なお、「30秒で完了!マグネシウム診断」では、マグネシウム不足を自分で簡単に診断できます。マグネシウム不足が心配な方は、自己診断を試してみてはいかがでしょうか。

ストレス対策1|食事でマグネシウムを摂る
マグネシウムを摂るのにもっとも手軽な方法が、普段の食事を工夫することです。
マグネシウムを豊富に含む食品を積極的に摂取できるよう、献立やメニューを工夫しましょう。
以下は、マグネシウムを豊富に含む代表的な食品です。
食品名 | マグネシウム含有量(mg/100g) |
---|---|
あおさ(素干し) | 3200 |
あおのり(素干し) | 1400 |
乾燥わかめ(素干し) | 1000 |
かぼちゃの種 | 530 |
アーモンド | 290 |
納豆 | 100 |
玄米 | 49 |
ほうれん草(茹で) | 40 |
参照:食品成分データベース│文部科学省
食事からマグネシウムを摂取する際のポイントは、マグネシウムを豊富に含む食事を習慣化することです。
たとえば、朝食に納豆ごはん、おやつや間食に素焼きアーモンドを取り入れるだけでも、マグネシウムを効果的に摂取できます。
ただし、マグネシウムの食品からの吸収率は約30%とされており、他のミネラルと比べても低めです。
マグネシウムの効率的な補給には入浴剤やサプリメントなどを併用し、食事ではトータルケアを意識して「栄養バランスの良い食事」を心掛けるのがおすすめです。

ストレス対策2|マグネシウムを含む入浴剤を使用する
マグネシウムの摂取には、経皮吸収という方法も有効です。簡単に言うと「皮膚からも摂取できる」ということ。
特に「エプソムソルト(硫酸マグネシウム)」を使用した入浴は、リラックス効果とマグネシウム補給を同時に叶える方法として、欧米ではポピュラーな方法です。
実際の研究でも、マグネシウムを溶かしたお風呂に入浴し続けると、数日間で体内の血中マグネシウム濃度が上昇することがわかっており、マグネシウムを効率的に摂取する方法として注目されています。
ストレス対策3|サプリメントでマグネシウムを摂る
食事だけでマグネシウムを十分に補おうとすると、食材を吟味したり献立を考えたりする必要があります。
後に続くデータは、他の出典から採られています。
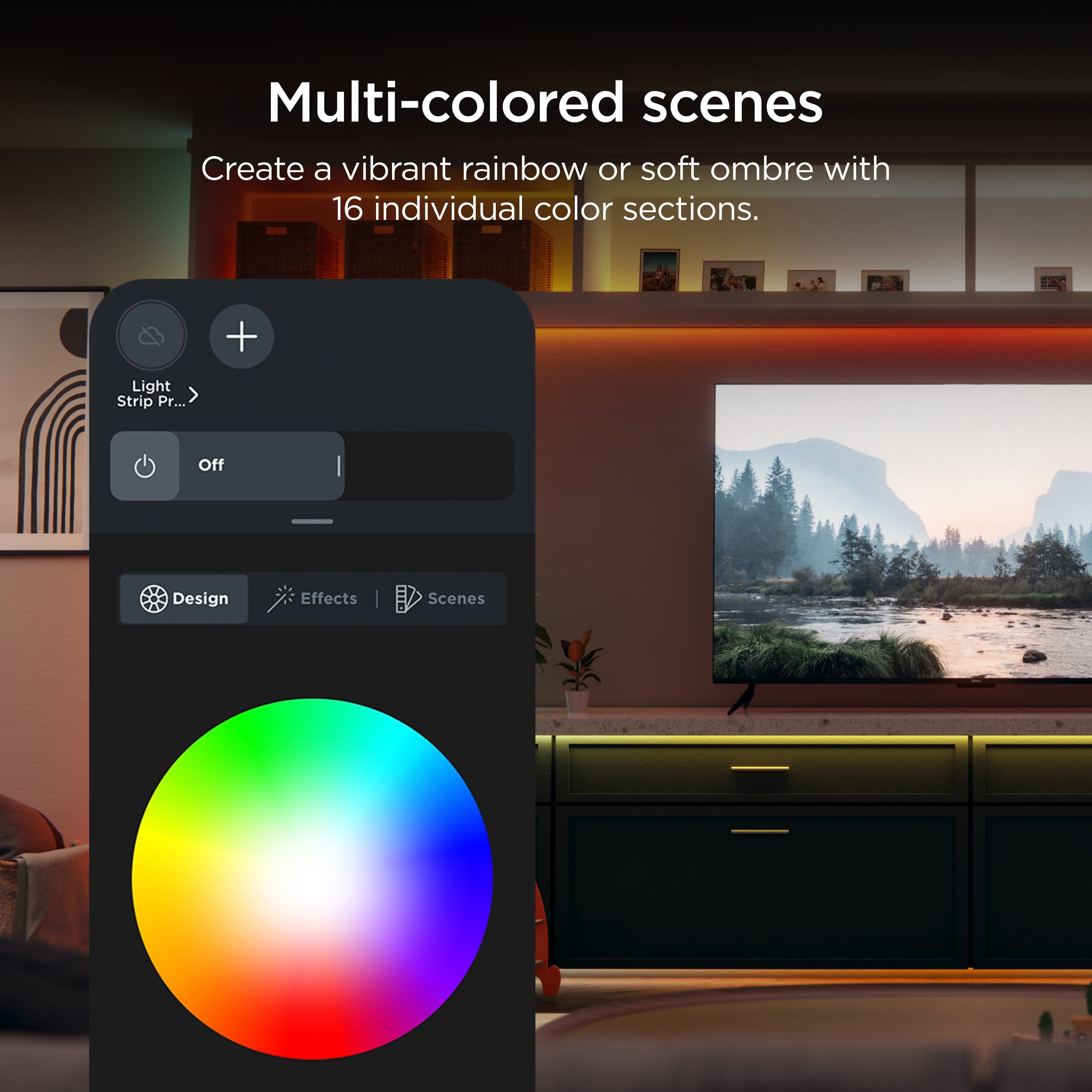 - Flexible lighting: Behind your TV, under your bed, across your ceiling—splash any indoor space with 16 million colors. Trimmable to fit your space.

多忙な現代人にとっては、あまり現実的な方法ではないかもしれません。
そんなときは、サプリメントでマグネシウムを摂取するのも一つの選択です。
ただし、高濃度のマグネシウムはなかなか吸収されないことと、過剰に摂取した場合や体質に合わない場合は、下痢や吐き気・嘔吐などを引き起こす可能性があります。
一度に多量を摂取するのではなく、少しずつ小分けにしたり、食後にサプリメントを飲んで体への吸収を穏やかにしたりなどして工夫しましょう。

ストレス対策4|マグネシウムを含むクリームを活用する
マグネシウムは皮膚から摂取することができるので、当然マグネシウムが添加されたバームやクリームなども有効です。
特に、肩や首、ふくらはぎなど、疲れやすい部位にマッサージしながら塗り込むと効果的。リラックスとマグネシウム補給を同時に叶えることができます。
サプリメントの味が苦手な人や、錠剤やカプセルを飲み込むのが苦手な人などにもおすすめの方法です。

ストレス対策5|マグネシウム+αで相乗効果を図る
マグネシウムと相性がいい成分を積極的に取り入れると、さらなる効果が期待できます。
たとえば、マグネシウムの吸収と活用をサポートするビタミンDを多く含む食品を一緒に食べたり、ストレス緩和やリラックス効果などに期待されている注目の成分「CBD」を併用したりなどです。
以下は、ビタミンDを多く含む食品の一覧表です。
食品名(重量) | ビタミンD含有量 |
---|---|
鮭の切り身(1切れ/80g) | 25.6μg |
いわしの丸干し(1尾/30g) | 15.0μg |
さんま(1尾/正味100g) | 14.9μg |
かれい(小1尾/正味100g) | 13.0μg |
ぶり(1切れ/80g) | 6.4μg |
しらす干し(大さじ2/10g) | 6.1μg |
きくらげ(2枚/2g) | 1.7μg |
干ししいたけ(2個/6g) | 0.8μg |
参照:ビタミンDを多く含む食品│公益社団法人 骨粗鬆症財団
近年は、マグネシウムとCBDを組み合わせたスキンケア製品なども開発されています。
CBDは「カンナビジオール(Cannabidiol)」の略で、リラックス効果や鎮静化作用が期待されている大麻植物に含まれる成分の一つです。
いわゆる「ハイになる」ような精神作用がなく、メンタルヘルスや美容だけでなく医療分野においても有用な成分であることが明らかになってきており、ストレスケアの新しい選択肢として世界的に注目されています。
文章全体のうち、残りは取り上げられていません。